EMT is a cellular process in which cells lose their epithelial characteristics and acquire mesenchymal features. The EMT process is fundamental for driving plasticity during embryonic development and in adult tissue homeostasis but is an unintentional behavior of cells during cancer progression.3 4 In cancer, this process has been associated with tumorigenesis, including tumor initiation, tumor stemness, metastasis, and therapy resistance.4 Moreover, many works have revealed that the EMT is not a binary process, can be transient and reversible and represents a continuous flux between two endpoint states (epithelial and mesenchymal), which occur in a gradual manner with an intermediate state between the epithelial and mesenchymal states referred to as partial or hybrid EMT states.3

Netrin-1 was described in the early 1990s as a secreted chemotropic cue that guided neuron or axon direction. Netrin-1 interacts with its main receptors, deleted in colorectal carcinoma and UNC5-homologues, which belong to the dependence receptor family.5 These receptors are characterized by triggering apoptosis in the absence of ligands while activating signaling in the presence of ligands.6 Many aggressive tumors achieved their survival advantage by loss of netrin-1 receptor expression or upregulation of netrin-1 expression.5 Netrin-1 dependence receptors could serve as conditional tumor suppressors depending on the presence of netrin-1. Upregulated netrin-1 has been shown to inhibit apoptosis and promote angiogenesis in tumor development, which could be an appealing therapeutic strategy.5 7 Thus, a monoclonal antibody (mAb) that neutralizes netrin-1 (NP137) was developed, and preliminary safety and efficacy assessments were conducted in patients with advanced solid tumors in a phase 1 trial (NCT02977195).
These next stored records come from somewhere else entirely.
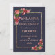 Marine-Blau-Rosa-Blumengoldbrautjungfern Einladung
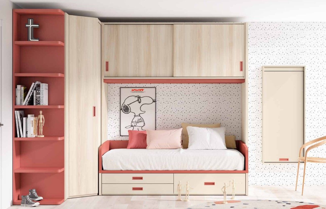 Composition lit pont avec armoire d'angle
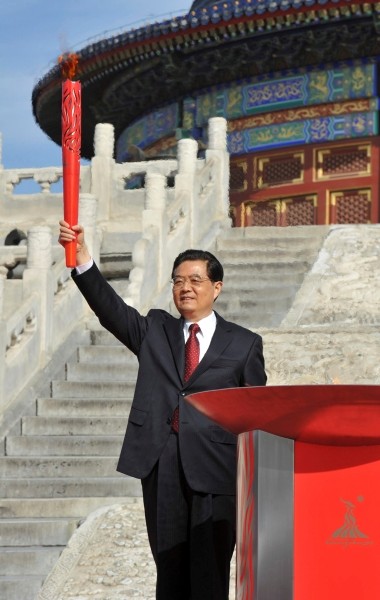 ·胡锦涛举起主火炬,向现场的中外来宾和各界群众致意。
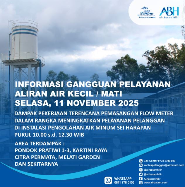 Manajemen Air Batam Hilir menginformasikan bahwa selama proses pekerjaan berlangsung, akan terjadi dampak sementara pada suplai air minum kepada pelanggan di beberapa area.
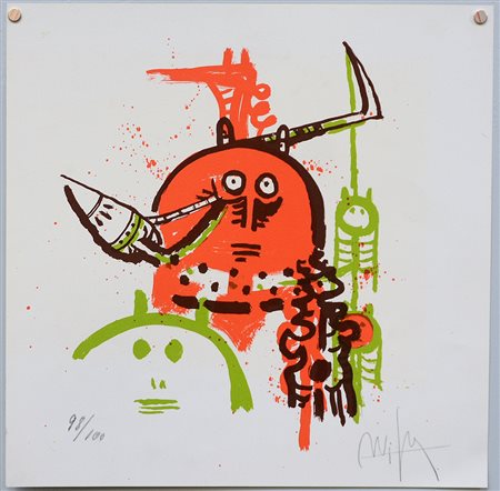 Wifredo Lam (Sagua La Grande 1902 - Parigi 1982) "Senza titolo" litografia policroma (cm 34x34) numerata 98/100 e firmata in basso a matita.
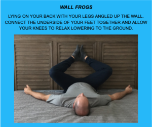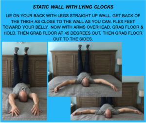 HOW: LIE ON YOUR BACK WITH LEGS STRAIGHT UP WALL. GET BACK OF THE THIGH AS CLOSE TO THE WALL AS YOU CAN. FLEX FEET TOWARD YOUR BELLY. NOW WITH ARMS OVERHEAD, GRAB FLOOR & HOLD. THEN GRAB FLOOR AT 45 DEGREES OUT, THEN GRAB FLOOR OUT TO THE SIDES.

Several clinical trials of NP137 therapy for cancer treatment are currently underway, the content of clinical trials is summarized in table 1 (source from https://www.clinicaltrials.gov/).

Table 1

Currently clinical trials of NP137 therapy for cancer treatment

Recently, two research teams reported the important roles of NP137 in EMT inhibition and in triggering tumor microenvironment changes, as described in figure 1.1 2 In the clinical trial of NP137 for endometrial carcinoma (EC), 14 patients with advanced EC were recruited for NP137 treatment, and the results showed an antitumor response in nine patients after injection of NP137, with disease stabilization in eight patients and liver metastases shrinking by more than 50% in one patient.1 More importantly, NP137 has been shown to be safe, with no significant adverse effects in patients with EC. In addition, in a preclinical mouse model, the therapeutic efficacy of NP137 was improved when combined with conventional chemotherapy drugs (carboplatin and paclitaxel), which suggests that NP137 can alleviate the resistance of tumor cells to chemotherapy.

Figure 1

Pharmacological targeting of netrin-1 by NP137 inhibits the EMT and cancer progression. NP137 administration in patients with endometrial cancer or a primary mouse model decreased EMT scores and increased tumour cell apoptosis, as well as changing immune cell infiltration and increasing the strength of the interaction between antigen-presenting cells and tumor cells, which led to tumor inhibition. Moreover, NP137 can improve the tumor-killing effects of chemotherapy drugs such as carboplatin-paclitaxel. CAF, cancer-associated fibroblast; EMT, epithelial-mesenchymal transition; NK, natural killer; SCC, skin squamous cell carcinoma; Treg, regulatory T cell.

What is the potential mechanism by which NP137 inhibits tumor growth? In addition to the well-known effects of NP137 on tumor cell apoptosis,7 the authors also used RNA sequencing (RNA-seq) and found EMT feature inhibition by NP137 in a preclinical mouse model and in patients with EC. Although some studies have suggested that netrin-1 may be implicated in the EMT in vitro,8 9 strong supportive evidence about the effects of netrin-1 on the EMT in vivo is lacking. Cassier et al supplied direct clinical data for fully elucidating the effects of netrin-1 inhibition on tumor EMT features and cancer progression.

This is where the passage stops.